═════ RECORDS TO USE
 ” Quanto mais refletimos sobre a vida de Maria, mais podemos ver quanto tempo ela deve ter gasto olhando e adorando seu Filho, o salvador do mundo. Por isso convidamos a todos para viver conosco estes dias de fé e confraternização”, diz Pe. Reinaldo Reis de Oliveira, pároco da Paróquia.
══════════
═════ RECORDS TO USE
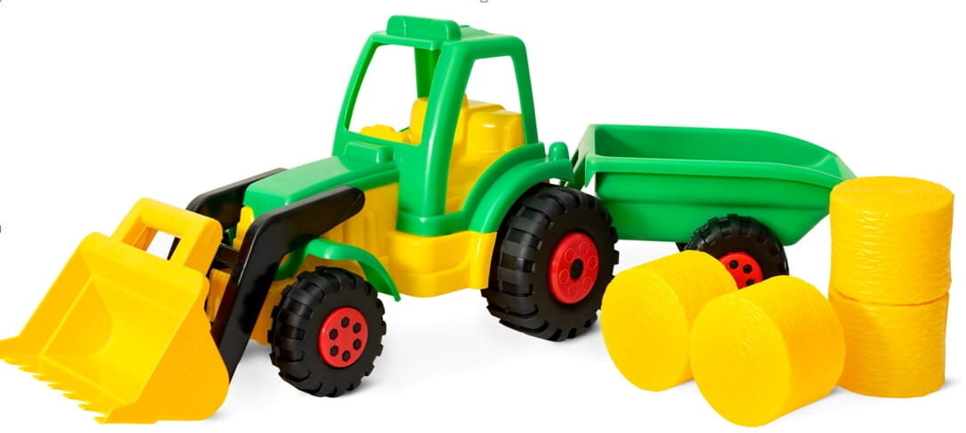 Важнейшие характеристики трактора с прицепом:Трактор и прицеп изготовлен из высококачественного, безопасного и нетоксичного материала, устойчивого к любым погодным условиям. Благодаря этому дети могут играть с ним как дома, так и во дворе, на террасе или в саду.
══════════
═════ RECORDS TO USE
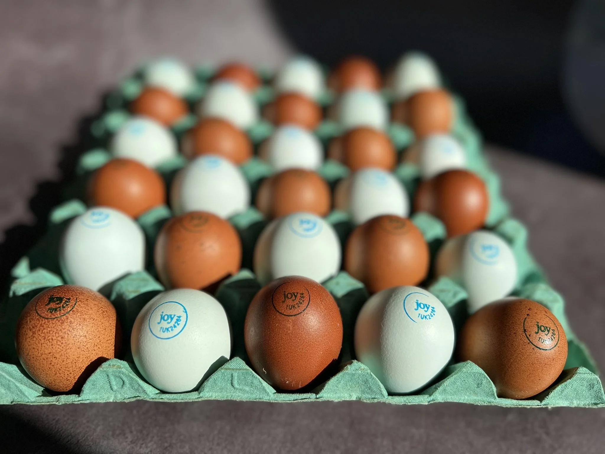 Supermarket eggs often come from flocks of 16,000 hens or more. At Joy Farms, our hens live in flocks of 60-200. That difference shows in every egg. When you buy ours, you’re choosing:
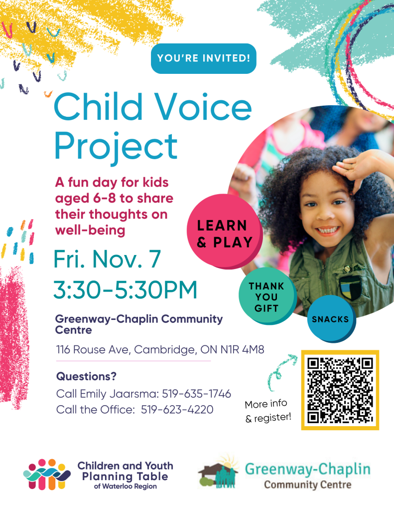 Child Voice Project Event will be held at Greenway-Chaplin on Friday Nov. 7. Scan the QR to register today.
══════════
Above are some entries; copy exactly the lines from the line with "Supermarket eggs often" through the line with "Child Voice Project", both included, but none of the pictures.

 Supermarket eggs often come from flocks of 16,000 hens or more. At Joy Farms, our hens live in flocks of 60-200. That difference shows in every egg. When you buy ours, you’re choosing:
 Child Voice Project Event will be held at Greenway-Chaplin on Friday Nov. 7. Scan the QR to register today.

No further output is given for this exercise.